Something extraordinary in the heart of Europe

Documenta 15 has at its core the concept of ‘Lumbung’, which, translated from Indonesian, is a granary where excess rice is placed and then redistributed to the community. The ‘Lumbung Orationes’ are conceived as a kind of ‘barn prayers’. A group prayer is performed by hundreds of Africans in the heart of Europe, integrating voodoo with elements of other religions; a big collective prayer that something significant will happen for Europe and the World during the opening period of Documenta 15. What will happen as a result of this prayer will be documented on this website.

But what is “true”? What is ‘true’ in a world where the truth increasingly coincides with the way the truth is communicated?

After the liberation of the concentration camps at the end of the Second World War, the allied forces organised “tours” for the German civilians inside the concentration camps to show them what the “truth” was. In turn, these ‘special tours’ were filmed by a camera to demonstrate a second truth: to show the world what had happened and that the German population had learned the truth.

In 2022 it is as if each of us can organise their own ‘special tour’ for all kinds of small and big truths. Our smartphones can produce information, consume information and share information. Each one of us is a TV network. This information overload risks suffocating and anaesthetising us. To continue our metaphor: on the one hand, we can no longer understand what happened in the ‘concentration camp’ and, on the other hand, we are addicted to a thousand truths that happened in the concentration camp. Suffocated and anaesthetised. Victims and perpetrators of an information overload.
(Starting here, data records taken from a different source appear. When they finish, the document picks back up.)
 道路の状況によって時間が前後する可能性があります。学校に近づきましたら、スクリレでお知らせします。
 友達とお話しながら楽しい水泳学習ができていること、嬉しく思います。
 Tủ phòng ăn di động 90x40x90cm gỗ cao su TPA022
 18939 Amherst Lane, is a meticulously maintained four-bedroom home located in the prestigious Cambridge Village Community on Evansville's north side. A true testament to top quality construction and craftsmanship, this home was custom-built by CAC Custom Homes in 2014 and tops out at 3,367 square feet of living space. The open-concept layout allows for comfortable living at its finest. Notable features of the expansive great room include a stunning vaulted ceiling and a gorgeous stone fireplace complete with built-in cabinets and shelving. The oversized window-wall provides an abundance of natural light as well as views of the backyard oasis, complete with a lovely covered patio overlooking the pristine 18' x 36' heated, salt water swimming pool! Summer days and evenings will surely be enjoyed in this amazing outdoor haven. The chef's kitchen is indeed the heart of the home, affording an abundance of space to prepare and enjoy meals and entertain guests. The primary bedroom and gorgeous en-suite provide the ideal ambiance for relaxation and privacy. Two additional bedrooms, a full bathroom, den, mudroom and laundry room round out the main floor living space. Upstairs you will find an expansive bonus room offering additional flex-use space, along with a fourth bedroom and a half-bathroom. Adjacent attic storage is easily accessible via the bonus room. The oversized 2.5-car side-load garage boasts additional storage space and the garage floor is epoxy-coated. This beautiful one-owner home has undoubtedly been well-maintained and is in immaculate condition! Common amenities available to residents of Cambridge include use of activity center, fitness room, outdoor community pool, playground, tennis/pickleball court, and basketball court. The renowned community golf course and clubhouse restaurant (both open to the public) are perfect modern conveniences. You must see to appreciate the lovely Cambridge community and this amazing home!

In the last 10-15 years, the progressive digitalisation of our lives has deluded us into believing that we live in an interconnected community. In reality, the internet and social networks lock each of us into individualistic cages. Each one of us in this cage has to optimise their performance and is led to exalt his narcissism. We have eliminated rituals from our lives. The ritual, like the “feast day”, allows us to live the “time of the gods”, the solemn time. The ritual becomes an interstice where we can recover the relationship with our roots (the earth) and the mystery of transcendence (the sky).
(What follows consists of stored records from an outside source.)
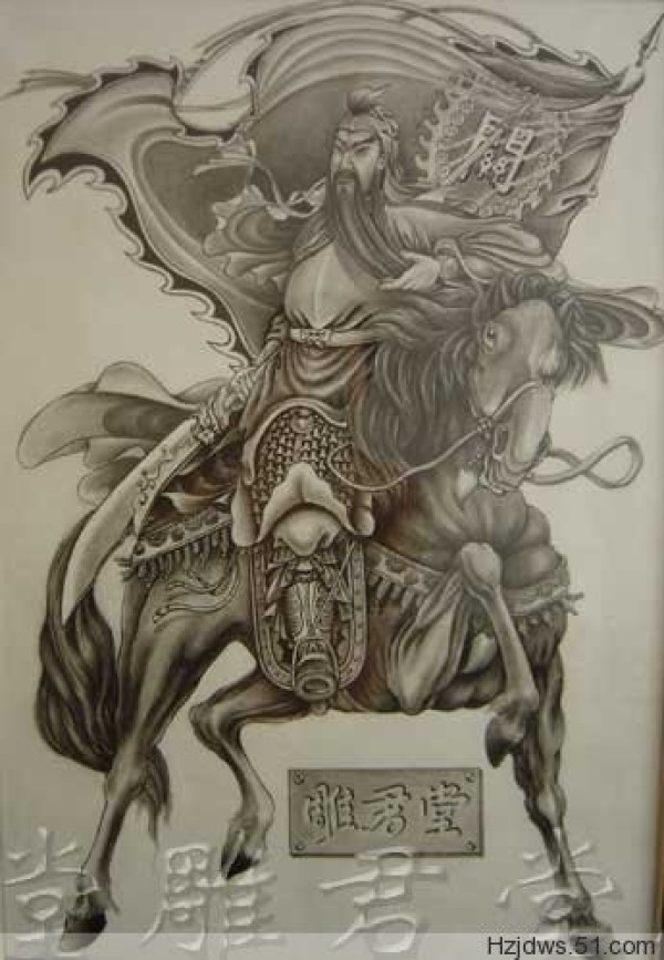 马背上的关羽纹身素材图_后背纹身图案大全_纹身图吧
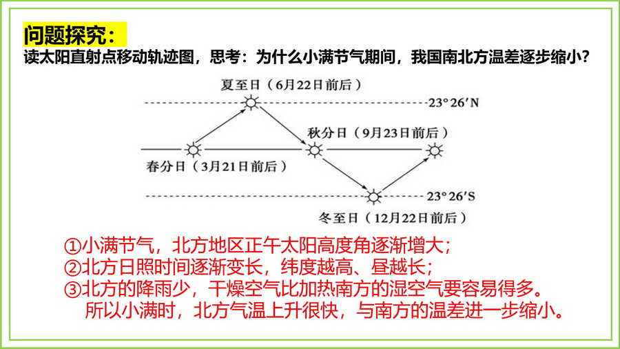 小满节气,我国南方地区、北方地区气温回升速度快,并进一步接近。探究小满节气前后我国南北方气温差异变小的原因。
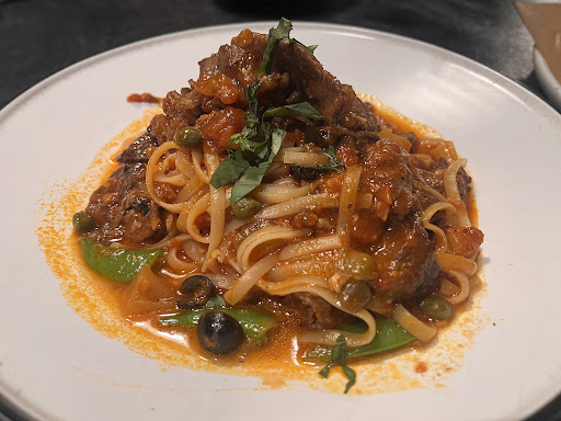 Beef pasta: 3 star, soaking in sauce, wilted garnishes. Sauce taste like its out of the can.

When I was a child, I learned a Catholic prayer from St Bernard that allows one to see any request made to God granted. I remember that this prayer has always worked, and I am convinced that it will work again this time, integrated in the Voodoo ritual organised in Kassel. Not only will this “collective prayer” have consequences, but these consequences will be evident and can be documented on this website. Art allows us to take this luxury, this space of possibility. This “Lumbung of Prayers”.

a ritual that breaks the cage of colonialism

Colonialism implies the domination and corruption-buying of the Other and the Different. The Other and the Different are domesticated and sterilised to become acceptable.

Contemporary art often presents works related to cultures that tend to be marginalised, we can think of indigenous cultures, Afro-American culture, but also women’s rights and the LGBTQ world. But these artworks tend to sterilise these cultures and make them acceptable and digestible. In all these cases, we can indeed speak of a ‘return colonialism’ for works that are domesticated and to be hung in some luxury flat.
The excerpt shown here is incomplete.